La capitana Jacky estaba radiante por aquella reunión tan esperada, pero en cuanto vio a Jack y a los demás saltar cobre cubierta para venir a saludarla, se acordó de su vergonzosa situación "embarazosa" y escondió rápidamente parte de su cuerpo detrás de un tonel.

Luego se saludarse con Nefud Yidda, tanto al capitán Sparrow como su gente se asombró al encontrar a Beatriz embarazada.

—¡Mujer! ¿Así que por fin te pusieron en tu lugar? —la saludó Jack, abrazándola efusivamente y apretándole el trasero con ambas manos.

—A mí nadie me pone en mi lugar, hombre, y quítame las manos de encima —replicó la acosada, apartándolo inmediatamente pero sin dejar de sonreírle—. ¿Por qué no vas a saludar a tu querida hermana? Ella también tiene una linda sorpresa para ti.

"Espero que te bese Barbossa " —fue el "amable" pensamiento que Jacky le dirigió al escucharla.

Obediente, el pirata giró hacia su otro yo y se acercó a ella con los brazos bien abiertos.

—¡Hermanita! ¡Tanto tiempo sin vernos! ¡Ven a mis brazos, querida!

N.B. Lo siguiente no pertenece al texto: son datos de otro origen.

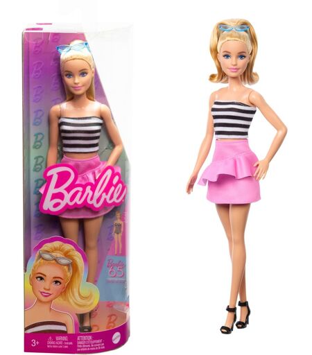 Mattel Barbie Fashionistas-Puppe mit schwarz-weißem Oberteil und pinkem Rock
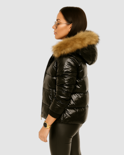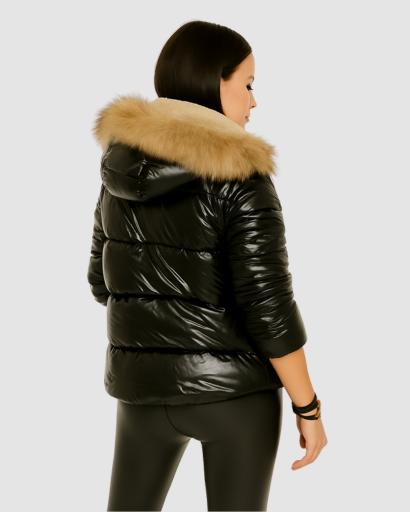 Doudoune Femme Brillante avec Capuche Fourrée – Élégance et Chaleur
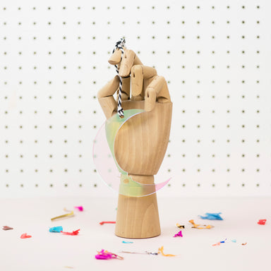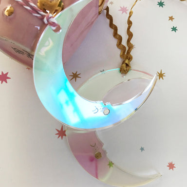 This magical iridescent moon shimmers under the twinkly lights - photos don't do it justice! Designed by Laura - laser cut and painted in Donegal...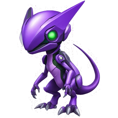 a purple-green- Genesect-Raptor-Fakémon—hybrid with a futuristic visor-helmet full body emoji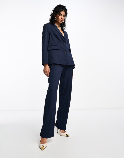 Vila twill tailored oversized blazer and wide leg trouser co-ord in navy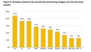 Para efeito de comparação, os tokens DeFi 2.0 tiveram um aumento de 87%, GameFi 109% e os tokens Real World Asset (RWA) um aumento de 145%. A única categoria que apresentou melhores retornos do que os tokens de IA foram os da camada 2, que tiveram um ganho de 221%. Os pesquisadores não incluíram memecoins em suas análises, alegando que essas moedas tiveram grandes ganhos de desempenho percentuais desproporcionais como resultado de sua capitalização de mercado relativamente mais baixa.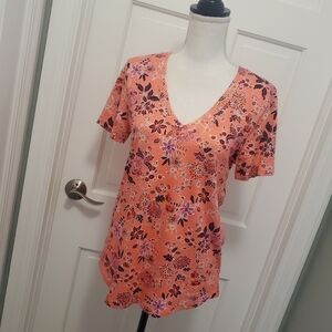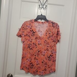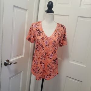 LOFT Floral Print vneck tee shirt 100% cotton Size Small, colorful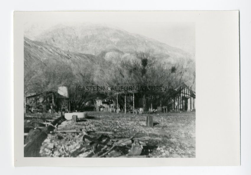 Photo of a structure, maybe a house and yard, likely built and used by the Saline Valley Salt Co.Collection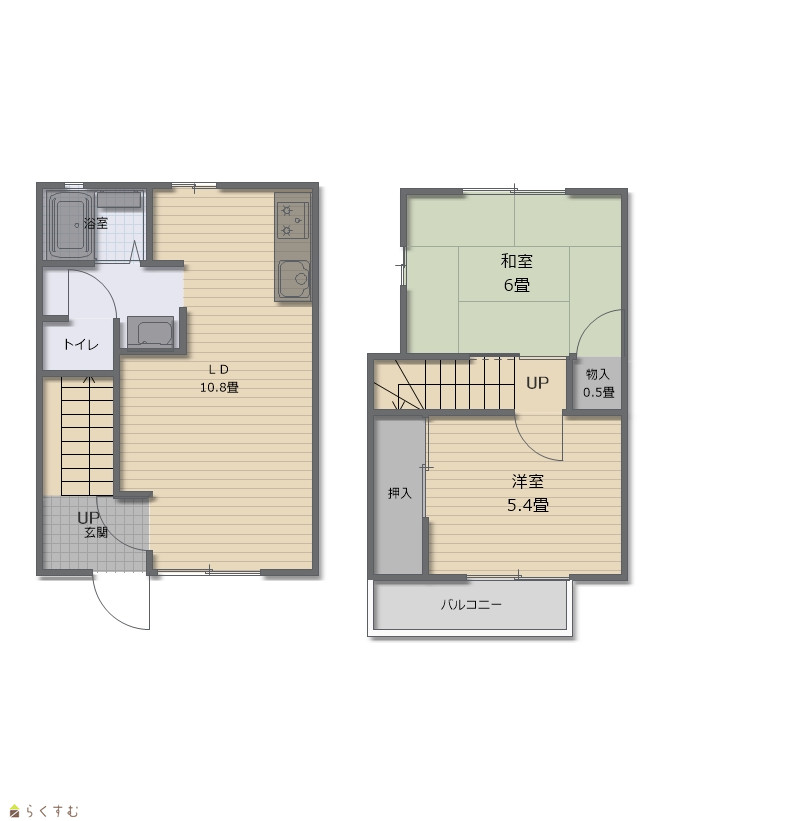 | 間取り | 2LDK (和室:6.0畳) (洋室:5.4) LDK10.3 |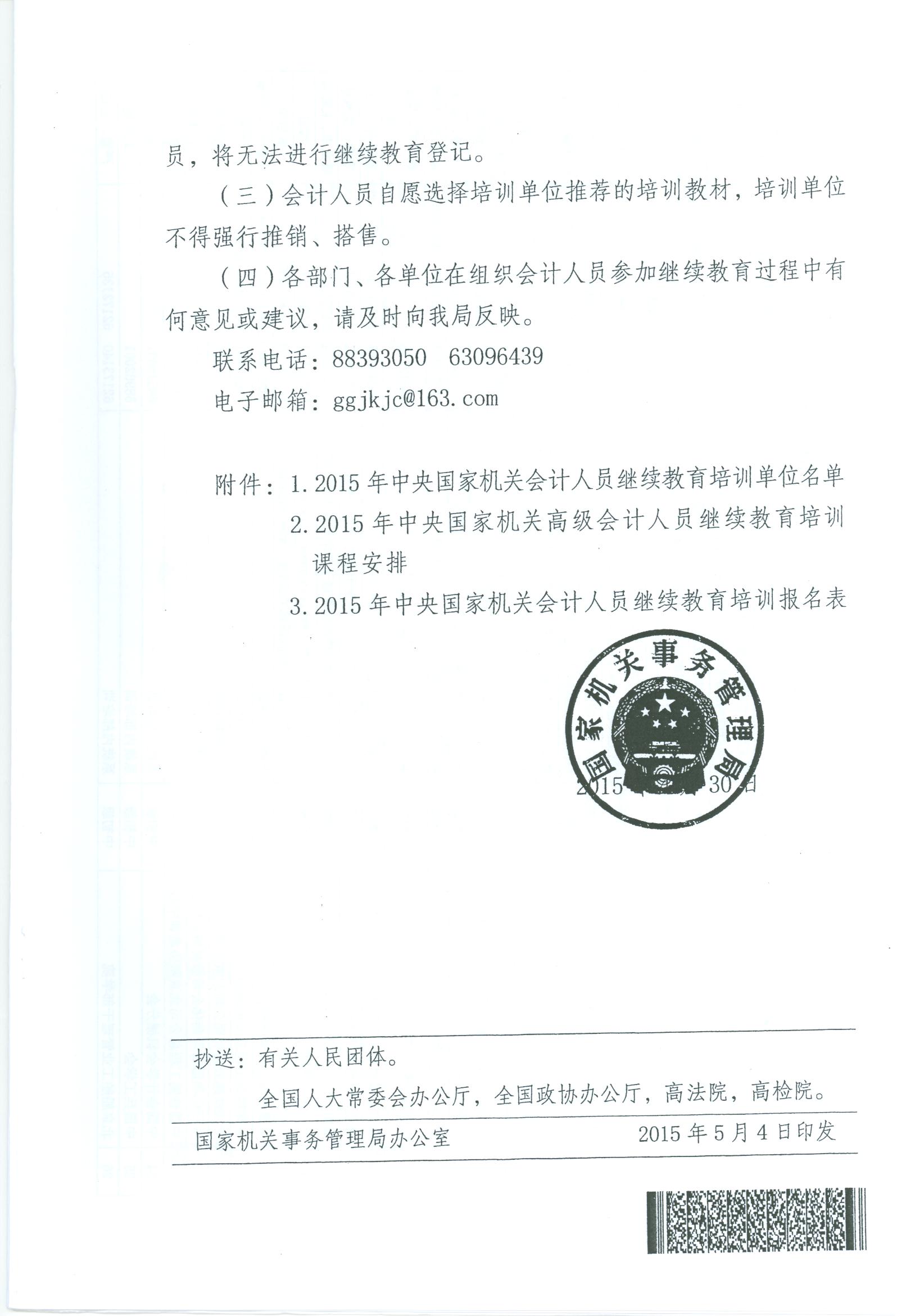 关于转发国管局《关于2015年中央国家机关会计人员继续教育培训有关事项的通知》的通知

Pero, para su sorpresa, ella intentó guardar la distancia con él colocando al barril como intermediario entre ellos dos. Para Jack, aquella actitud le pareció muy extraña. Parecía como si ella estuviera evitándolo de adrede.

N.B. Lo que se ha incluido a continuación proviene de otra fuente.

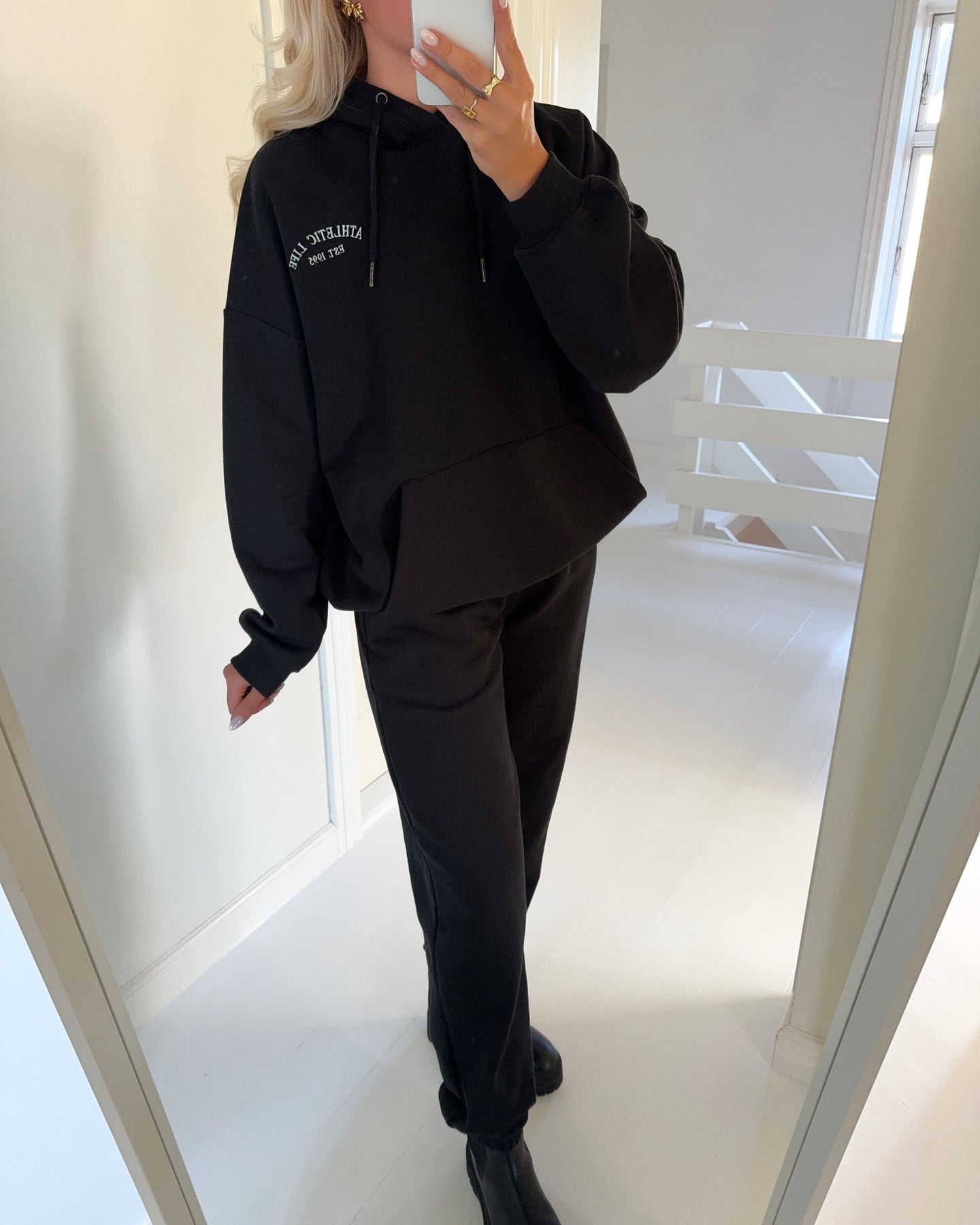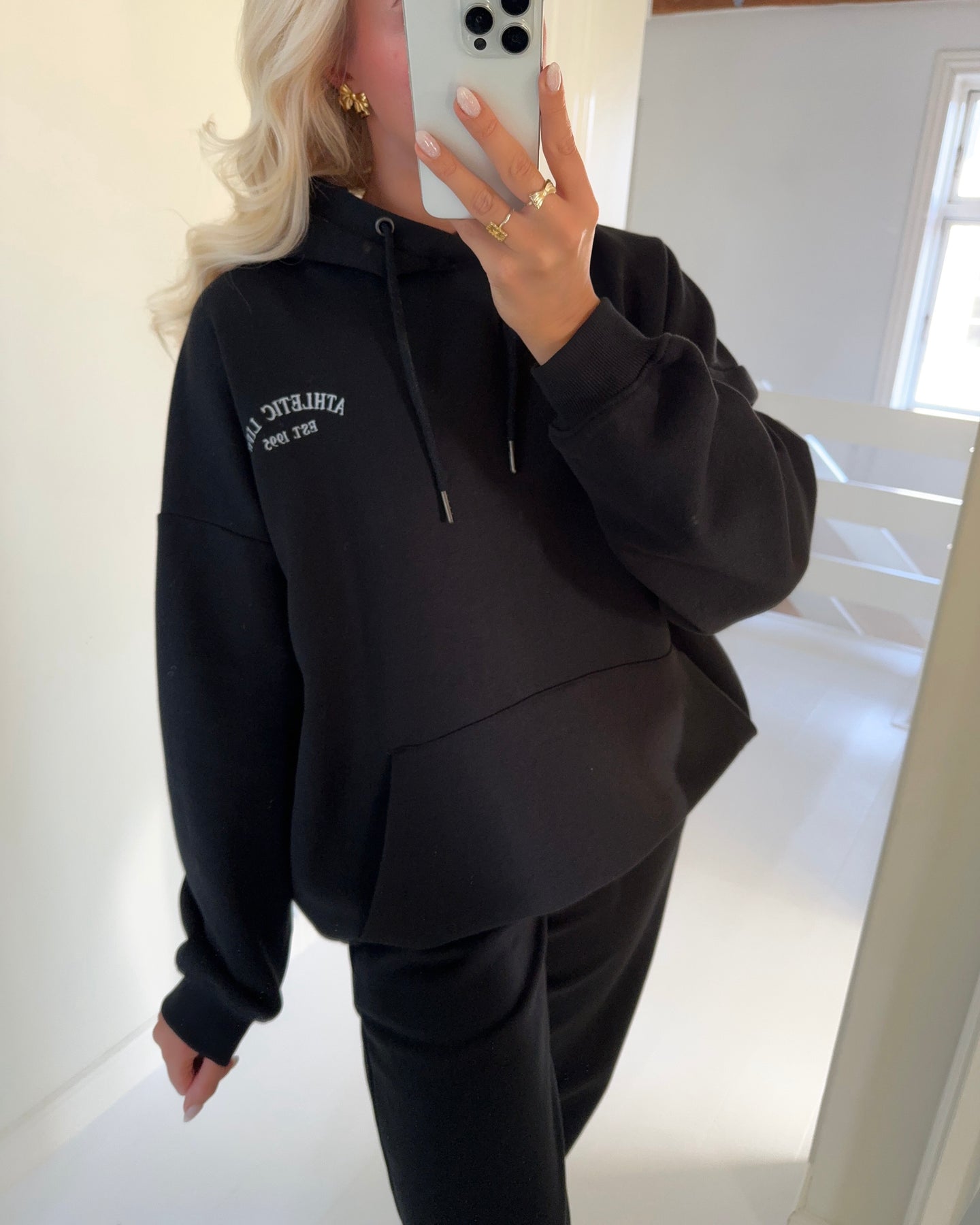 Hættetrøje i en blød og tyk bomuldsmix i klassisk sort med broderet tekst.

—¡Hermanito! ¿Cómo has estado? Veo que todos se juntaron para rescatarte... Me alegro por eso. ¿Qué tal la estadía en el Armario de Davy Jones? —le preguntó con una sonrisa nerviosa, siempre ocultando disimuladamente media parte de su cuerpo detrás del barril.

—¡Inolvidable! ¿Por qué no vienes a darle la bienvenida a tu hermanito que tanto te extrañço? —le propuso, siempre con los brazos abiertos, insistiendo con acercarse a ella, pero ésta se escabulló detrás del mástil mayor.

—¿Para qué? Me basta con verte. No creas que porque tengo el aspecto de una mujer voy a actuar como tal, savy?

—Pues yo sí quiero abrazarte, hermanita —insistió, comenzando a perseguirla.

Y así comenzaron una ridícula persecución por toda la embarcación, siempre ocultándose ella, siempre insistente el otro, utilizando cada cosa o persona como escudo entre ellos dos hasta que finalmente la pirata se ocultó detrás de Nefud Yidda, tomándolo por los brazos y colocándolo entre ella y su otra mitad. Jack, en cambio, se quedó frente al árabe, tomándolo él también por los brazos, comenzando los tres a girar como un carrusel en un tonto intento de huida y persecución.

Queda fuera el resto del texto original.